Fr. Steven Kuehn, OFM, a former Navy pilot, a 2003 U.S. Naval Academy graduate, and the son of an Annapolis graduate, knows what it’s like to be part of a team focused on mission.
As a friar, he’s found a similar vibe.
“The similarity is that in the Navy, there’s a group you have a common goal, you are working together,” he said from St. Bonaventure University in Olean, New York, where he serves as campus chaplain. In the Navy, he said, “there’s a spirit of camaraderie. I feel that in the Franciscans as well.”
While in the Navy, Fr. Steve piloted 332 helicopter missions in support of Operation Iraqi Freedom and Operation Enduring Freedom. He also served as a senior officer on the USS Ronald Reagan.
Towards the end of his military career, Fr. Steve began to feel the tug of religious life. He comes from a devout family, and his father was both a Naval officer and a professor at the Naval Academy. His family was surprised but supportive about his post-Navy plans.
“I felt the desire to serve the poor,” he said, noting he began investigating various religious communities. He had no previous experience with the Franciscans but, then serving in San Diego, he connected with the friars in Santa Barbara, California, and learned about them by attending profession ceremonies and experiencing vocation retreats.
He found, “they seemed like pretty good guys, down to earth. I felt I could connect with them.” After leaving the Navy, he moved back to the East Coast and in 2015 became a postulant, professed final vows in 2021 and was ordained a priest in 2023.
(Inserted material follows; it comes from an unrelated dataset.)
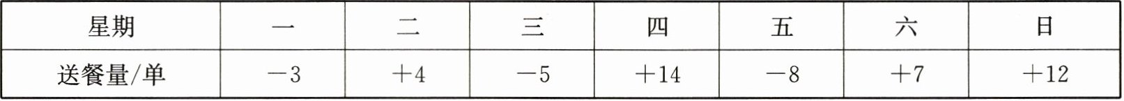 |送餐量/单|-3|+4|-5|+14|-8|+7|+12|
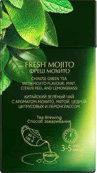 Зеленый листовой чай, ароматизатор мохито, цедра цитрусовых, мята, лимонник.

As a friar in training, he ministered with the Missionaries of Charity and Little Sisters of the Poor in Washington, D.C.; food charities and a jail ministry in Chicago; with St. Francis Inn in Philadelphia, and St. Francis churches in Milwaukee and New York City.
At St. Bonaventure, he is involved in a different kind of ministry through an active campus ministry. Students come together regularly for Mass, Bible study, men’s and women’s spiritual support groups, and a “Blessing of the Brains” prayer service held before final exams. Students also live out their faith via service projects, including working in a soup kitchen and providing mentorship for local youths.
As chaplain, he is there to accompany the students on their faith journeys. That can mean everything from celebrating Christmas Mass, a week before the actual feast day as the students embark on winter break, or enjoying a film about Saint Mother Cabrini, followed by discussion with students.
Fr. Steve said students at St. Bonaventure are drawn to Catholic faith because, even as they live in sometimes trying times, they recognize “a God who loves all of us” and find, through the church, a team that inspires them to live out that love. He’s found students hungry for community after emerging from Covid isolation.
As for himself, Father Steve told OSV News in a recent interview that he is grateful for finding a community through the friars and their mission to the poor.
“With the friars, I’ve really appreciated the brotherhood. We stress fraternity, the community, and also care for the vulnerable, the poor. Those things have really given me life in these last few years as a friar. That direct service to the poor, it’s shown me God’s care for all people. And I’m just grateful for this way of life,” he said.